Twenty-five studies (n=3,027, range 26 to 791) were included. All studies provided details on participant recruitment (nine enrolled patients consecutively). Eighteen studies were blinded and used independent assessment of the reference and index tests. Seven studies included 100 or more patients. Attrition rates were not reported.
Global Attentiveness Rating (GAR) (one study), Memorial Delirium Assessment Scale (MDAS) (three studies), Confusion Assessment Method (CAM) (10 studies), Delirium Rating Scale Revised-98 (DRS-R-98) (two studies), Clinical Assessment of Confusion (CAC) (one study) and Delirium Observation Screening Scale (DOSS) (two studies) scales all had positive likelihood ratios greater than 5.0, which suggested a greater likelihood of disease. The corresponding negative likelihood ratios for GAR, MDAS, CAM, DRS-R-98, and DOSS were less than 0.2, which suggested a lesser likelihood of disease. Delirium Rating Scale (DRS) (four studies), Mini-Mental State Examination (MMSE) (one study), Nursing Delirium Screening Scale (NDSS) (one study) and Vigilance "A" Test (one study) showed negative likelihood ratios less than 0.2. The CAC study showed a negative likelihood ratio above 0.2 (LR 0.67, 95% CI 0.56 to 0.81).

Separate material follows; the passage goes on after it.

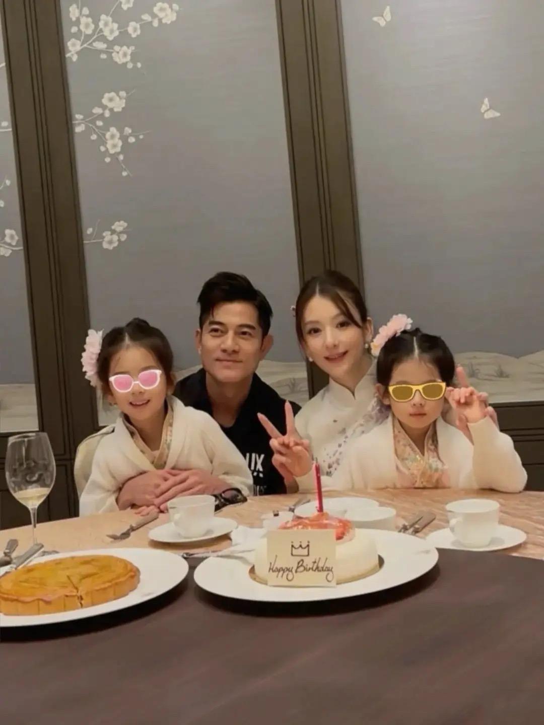一家四口的中秋節,也過得特別溫馨快樂。疑似方媛還提前給郭富城慶生了,餐桌上擺了一個小小的蛋糕,一人抱着一個女兒、畫面特別溫馨。

MMSE was identified as the least useful for identification of patients with delirium (one study). Subgroup analyses showed that the CAM was the most useful scale that could be completed in five minutes or less by a nurse (positive LR 7.3, 95% CI 1.9 to 27 and negative LR 0.08, 95% CI 0.03 to 0.21) or physician (positive LR 19, 95% CI 6.7 to 51 and negative LR 0.19, 95 %CI 0.13 to 0.27).
There was evidence of statistical heterogeneity for CAM (positive and negative LR I2=65% and 85%), DOSS (I2=65% and 0%), DRS-R-98 (I2=73% and 0%) and MDAS (I2=85% and 69%). Analyses that included only studies in which the index test was performed by a physician resolved statistical heterogeneity for the negative likelihood ratio using CAM, but the positive likelihood ratio remained statistically significant. The authors reported that subanalysis by language or DSM version resolved statistical heterogeneity, but no other data were provided.